Thursday, they organised a protest march that led to clashes with police when some of the protesters tried to block a train carrying phosphate.
 
Despite being home to one of the world’s largest phosphate deposits, the region’s unemployment rate is more than 40%, according to a study by the Centre for Economic Studies of the Arab Institute of Business Managers. More than 62% of Gafsa college graduates are unemployed.
 
Photos from the march organised Thursday by unemployed college graduates in the city of Metlaoui.
Contributors

“The Phosphate Company has not hired a single college graduate in the last three years”

Hamza Jeffel lives in Metlaoui. He received a master’s degree in mathematics in 2007 but is jobless.
  
We marched in a calm and orderly fashion, but when we arrived at the railroad tracks in the Magroun neighbourhood, a group of youths rushed a phosphate cargo train to block its path and began to throw small rocks at the conductor. The police didn’t make any distinction between the orderly protesters and the unruly youths, they just went after everyone.
 
The police dispersed protesters in Magroun as some of them tried to block a train from the Phosphate Company.
 
We organised this march to ask the Phosphate Company and the minerals transportation company to begin recruiting young professionals, because they have not hired a single college graduate in the last three years.
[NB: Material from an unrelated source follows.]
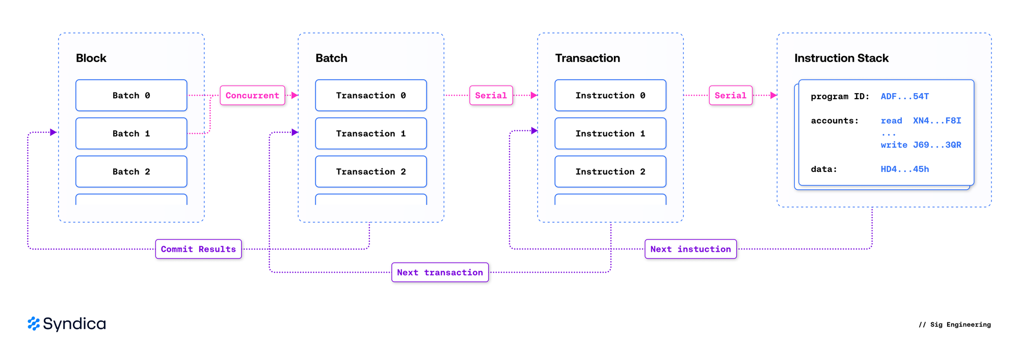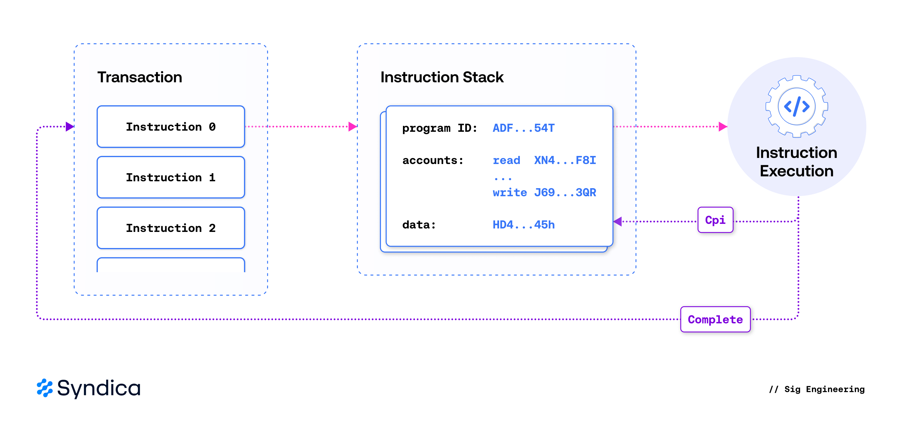 Essential to CPI is the instruction stack—a structure that tracks the currently executing program, allowing CPI calls to return the results to their calling context. An instruction specified within a transaction begins its execution by being pushed onto an empty stack. Afterward, the instruction processor reads it from the stack and invokes its target program. When a CPI occurs, a new instruction is pushed onto the stack; the instruction processor recognizes this and immediately begins executing the new instruction. Once a program runs to completion, its result is recorded, and its associated instruction is popped off the stack.

These companies have been promising jobs for months, but have not followed through.

In addition, the protesters called for the Gafsa horticultural company to more rapidly announce the results of their recruiting process launched last March to hire 1,200 employees, including 114 college graduates. The Gafsa Wali [governor] announced Thursday on television that the results of this process will be published on July 15. But he did not say when the Gafsa Phosphate Company or the minerals transportation company would start recruiting.
 
 
The Gafsa region, which has the highest unemployment rate in the country, has been marginalised since the end of the Ben Ali era. We suggest as a potential and temporary solution that the Phosphate Company carry out its recruiting process at a regional level, as opposed to continuing its practice of recruiting at the national level. We also suggest that a fraction of their profits should be used for regional development. There is only one industry here, and the authorities could use part of these funds to improve infrastructure — repair roads, public lighting, etc. — and invest in order to create jobs.

A delegation of unemployed college graduates have travelled to Tunis to meet with the CEO of the Phosphate Company. We hope these negotiations will be productive.